Wilson v. American Standard Insurance Co.
This text of 792 S.W.2d 669 (Wilson v. American Standard Insurance Co.) is published on Counsel Stack Legal Research, covering Missouri Court of Appeals primary law. Counsel Stack provides free access to over 12 million legal documents including statutes, case law, regulations, and constitutions.
Opinion
The sole issue in this cause is the enforceability of a limitation of liability clause in the medical expenses coverage of an automobile insurance policy issued to plaintiffs, Charles and Mona Wilson, by defendant, American Standard Insurance Company.1 Each of the parties filed a motion for summary judgment.
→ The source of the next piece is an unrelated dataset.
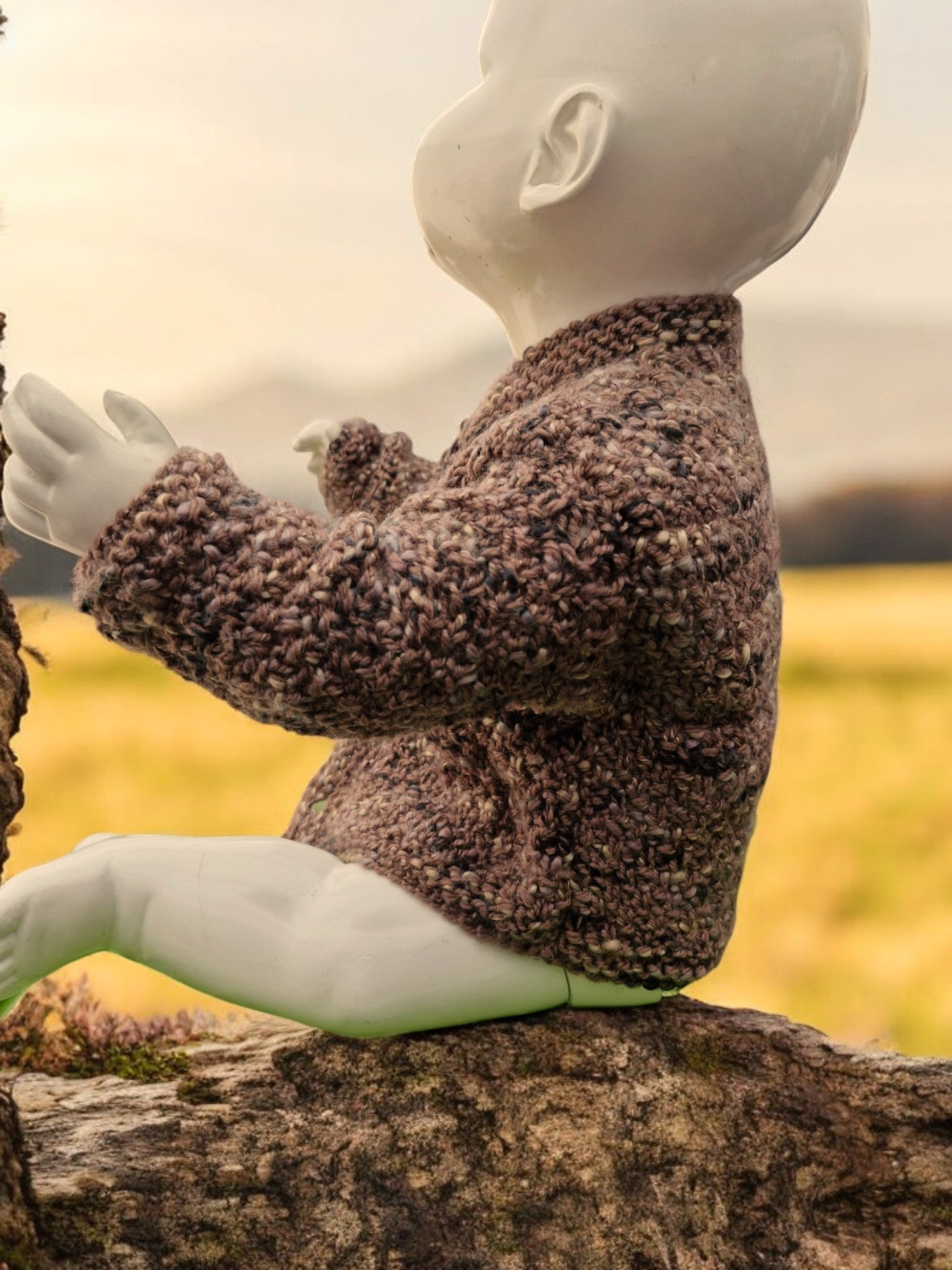 Brand new Baby's Hand Knitted Jacket in Brown Tweed Moss Stitch. Jacket has a round neck, Long Sleeves, two small front Pockets and fastens with 4 Pale Brown Smiley Face Buttons. Machine washable - Aran weight yarn. Yarn used King Cole Fashion Aran (30% Wool, 70% Acrylic).

The trial court entered summary judgment for plaintiffs. We affirm in part and reverse in part.
At the outset, we are faced with an almost insufficient record. This is not the first time this Court has been faced with an imprecise record in reviewing a trial court’s grant of summary judgment. See, e.g. Johnson v. Johnson, 764 S.W.2d 711 (Mo.App.1989); Hill v. Air-Shields, Inc., 721 S.W.2d 112 (Mo.App.1986). Repeatedly, attorneys have elected to live dangerously by relying on this type of record. To do so in the future may preclude a party from his day in this Court on the merits of his cause.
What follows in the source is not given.